Till now, I’ve discussed the security aspects of AS2. What about efficiency? AS2 has an option such that you can have the receiver deliver an MDN asynchronously, as opposed to delivering it in the same HTTP session as the sender’s original message. This option is specified as an AS2-specific HTTP header and it provides two major benefits:
- Reduces the risk of an HTTP response timeout. This is especially of value when decrypting and verifying large documents.
- The receiver processes the document at its own pace. Fewer resources can be allocated to the receiver for decrypting and verifying the data since the HTTP response time is no longer a crucial factor.
Below, we have an illustration of how async MDNs work, given the document is encrypted and signed:
As you can see above, the recipient replies with a 200 OK as soon as it receives the request. The HTTP response only acknowledges that a request was received; not that its content was decrypted or verified. Asynchronously, the recipient goes on to decrypt and verify the document. Once it’s done, it:
- Creates an MDN
- Reads the URL from the AS2-specific HTTP header in the request specifying the destination for the async MDN
- Posts an HTTP request carrying the MDN to the URL.
In addition to async MDNs, compression is another efficiency feature in AS2’s arsenal. When signing is applied, compression can occur before or after the data is signed. Benefits exist to both ways of doing things but I’ll leave that discussion for another blog post.

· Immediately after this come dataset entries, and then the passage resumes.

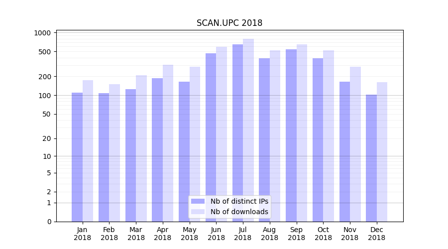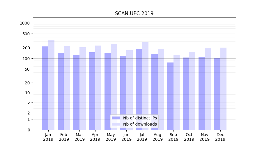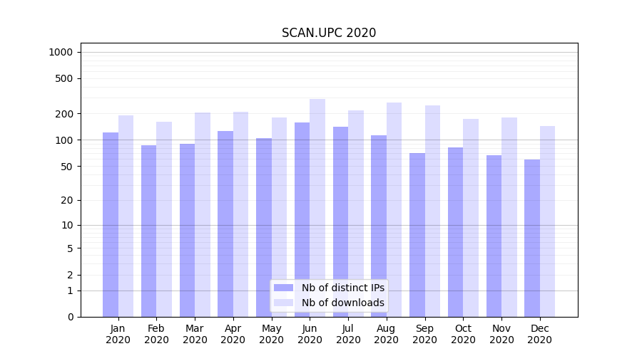 Number of downloads for software package SCAN.UPC, year by year, from 2025 back to 2014 (years with no downloads are omitted):
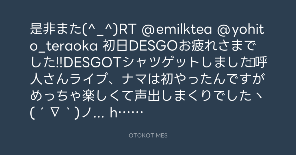 是非また(^_^)RT @emilktea @yohito_teraoka 初日DESGOお疲れさまでした!!DESGOTシ... -
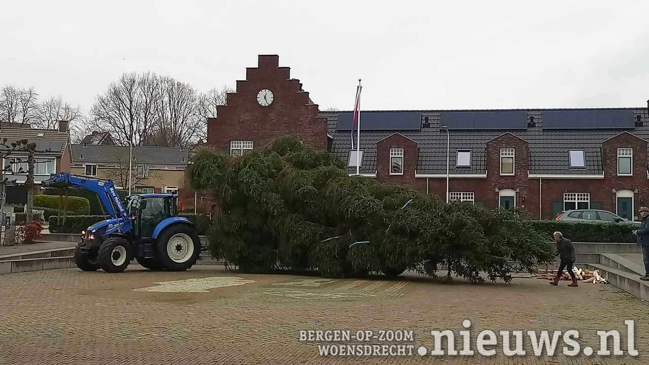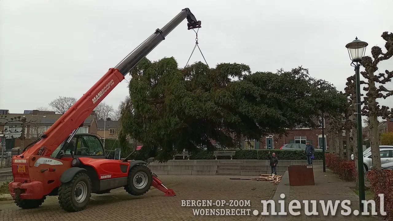 Op een aanhanger achter een trekker werd de boom naar het plein gebracht waar hij met behulp van een kraan en veel mankracht op zijn plek gezet en stevig verankerd werd.
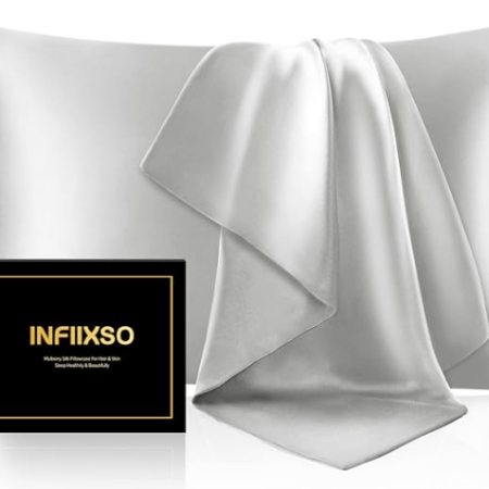 [62% off – Amazon Deal] INFIIXSO Mulberry Silk Pillowcase for Hair and Skin, Silk Pillow Cases Standard Size with Hidden Zipper 20×26 Inches, Ultra Smooth and Soft Cooling Pillow Cases for Hot Sleepers(Light Grey, 1 Pack)
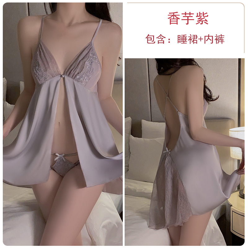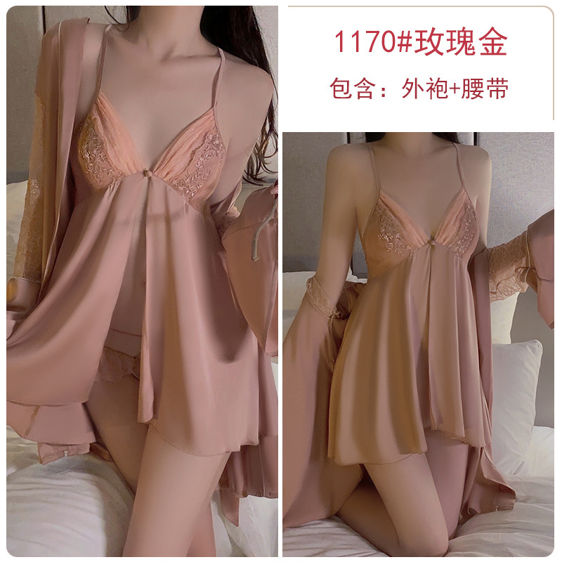 Guiruo 새틴 카디건 버튼 섹시 중공 원사 순수 욕망 슬링 잠옷 가운 여성의 홈 세트 2661

This concludes a 10,000 foot-view of AS2. Considering its security, non-repudiation, and efficiency features, you can see why AS2 is the way to go for doing business over the Internet. Stay tuned to this blog for more of my technical ramblings, other stuff that interests me, and all things ModusBox from the developer’s perspective.
Claude Mamo, Sr. Architect
1WS-Security is another way where end-to-end security can be provided. But while AS2 is format agnostic, WS-Security is SOAP specific.